§ **DATASET EXTRACT**:
══════════════════════════════

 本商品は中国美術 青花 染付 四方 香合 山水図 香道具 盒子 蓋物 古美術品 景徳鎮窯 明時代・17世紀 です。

══════════════════════════════

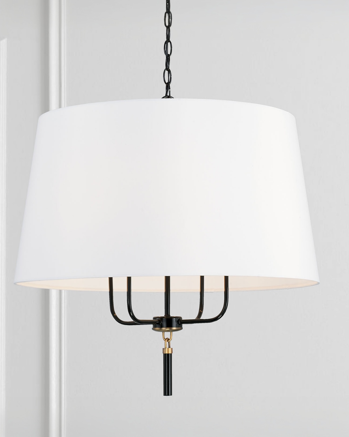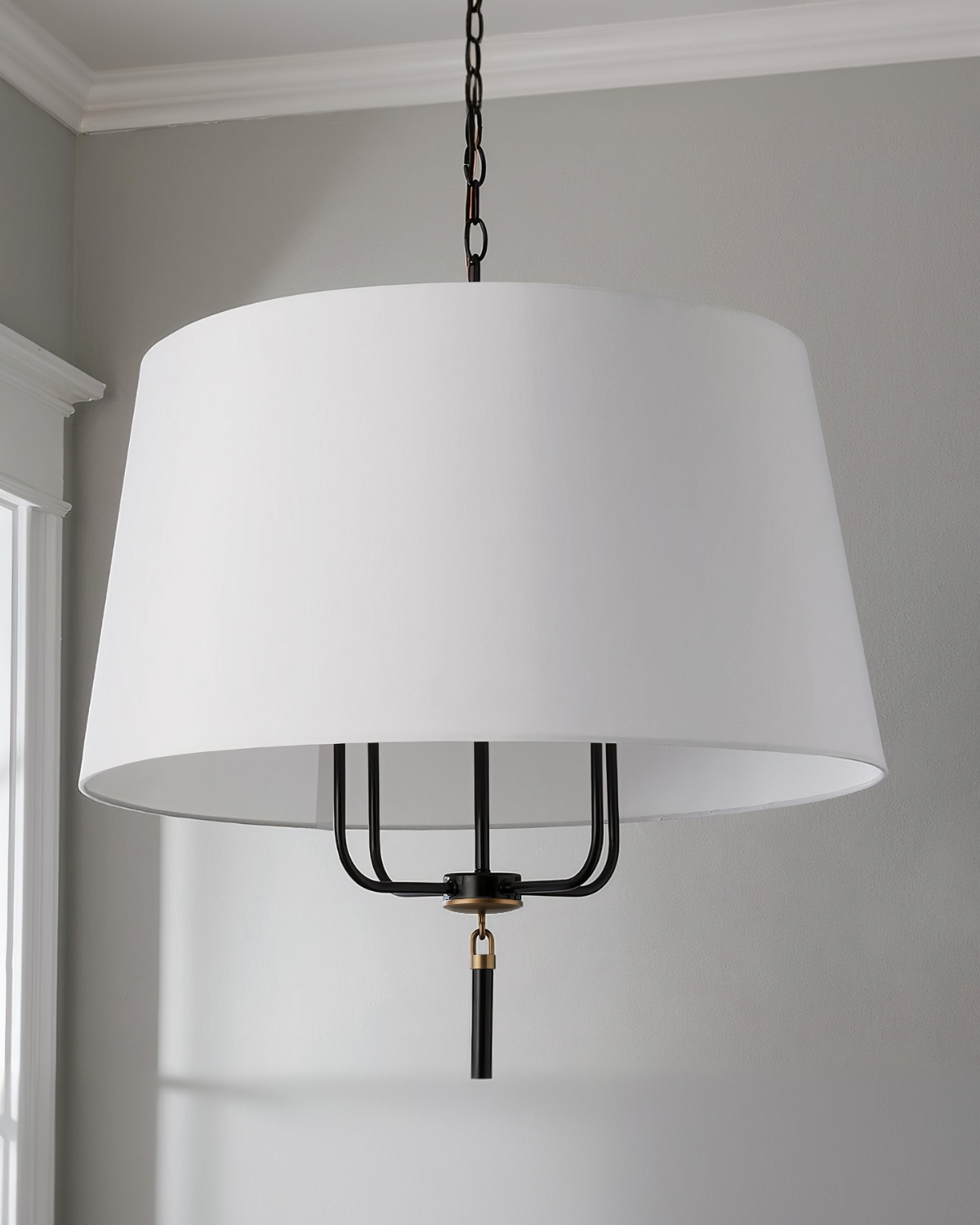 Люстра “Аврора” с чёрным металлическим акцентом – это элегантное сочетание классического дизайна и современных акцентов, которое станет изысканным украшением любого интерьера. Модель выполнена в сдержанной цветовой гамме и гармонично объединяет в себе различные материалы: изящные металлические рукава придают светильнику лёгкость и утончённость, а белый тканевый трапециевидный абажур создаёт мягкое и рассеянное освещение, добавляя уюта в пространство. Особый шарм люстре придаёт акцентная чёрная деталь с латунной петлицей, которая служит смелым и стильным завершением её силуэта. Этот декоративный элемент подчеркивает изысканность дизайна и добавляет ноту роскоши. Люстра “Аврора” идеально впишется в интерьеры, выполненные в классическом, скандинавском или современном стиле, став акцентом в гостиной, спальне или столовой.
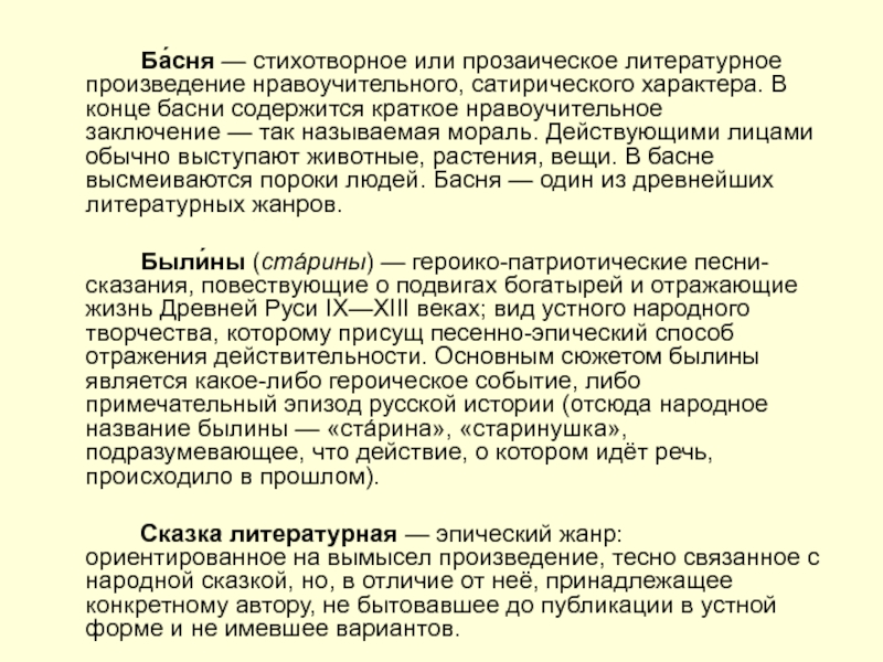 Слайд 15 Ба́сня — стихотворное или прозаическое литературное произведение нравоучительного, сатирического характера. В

══════════════════════════════

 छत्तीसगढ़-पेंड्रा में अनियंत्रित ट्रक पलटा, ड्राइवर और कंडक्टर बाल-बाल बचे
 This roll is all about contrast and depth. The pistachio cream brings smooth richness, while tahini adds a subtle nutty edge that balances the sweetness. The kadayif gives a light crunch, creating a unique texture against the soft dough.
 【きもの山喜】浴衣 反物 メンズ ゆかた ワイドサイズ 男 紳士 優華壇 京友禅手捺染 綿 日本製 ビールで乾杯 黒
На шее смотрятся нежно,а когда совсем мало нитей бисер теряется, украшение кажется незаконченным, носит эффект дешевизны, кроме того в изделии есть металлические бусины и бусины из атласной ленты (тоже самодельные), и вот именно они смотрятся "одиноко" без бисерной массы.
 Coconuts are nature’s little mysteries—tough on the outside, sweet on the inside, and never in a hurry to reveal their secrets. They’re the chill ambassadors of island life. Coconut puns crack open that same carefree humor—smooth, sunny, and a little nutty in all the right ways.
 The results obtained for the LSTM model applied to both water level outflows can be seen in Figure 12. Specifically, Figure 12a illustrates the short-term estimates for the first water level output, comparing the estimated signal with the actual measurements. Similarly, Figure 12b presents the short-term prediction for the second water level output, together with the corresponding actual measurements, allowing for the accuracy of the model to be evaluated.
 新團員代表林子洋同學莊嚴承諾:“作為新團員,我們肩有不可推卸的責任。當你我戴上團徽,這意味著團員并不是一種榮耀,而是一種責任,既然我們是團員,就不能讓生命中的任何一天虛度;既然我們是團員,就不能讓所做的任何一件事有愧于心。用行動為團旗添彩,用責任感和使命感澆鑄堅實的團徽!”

══════════════════════════════

§ **YOUR TASK**: Find and copy every line in the entries above where the string "that" occurs.

§ **RESULT FOR THIS TASK**:
 This roll is all about contrast and depth. The pistachio cream brings smooth richness, while tahini adds a subtle nutty edge that balances the sweetness. The kadayif gives a light crunch, creating a unique texture against the soft dough.
 Coconuts are nature’s little mysteries—tough on the outside, sweet on the inside, and never in a hurry to reveal their secrets. They’re the chill ambassadors of island life. Coconut puns crack open that same carefree humor—smooth, sunny, and a little nutty in all the right ways.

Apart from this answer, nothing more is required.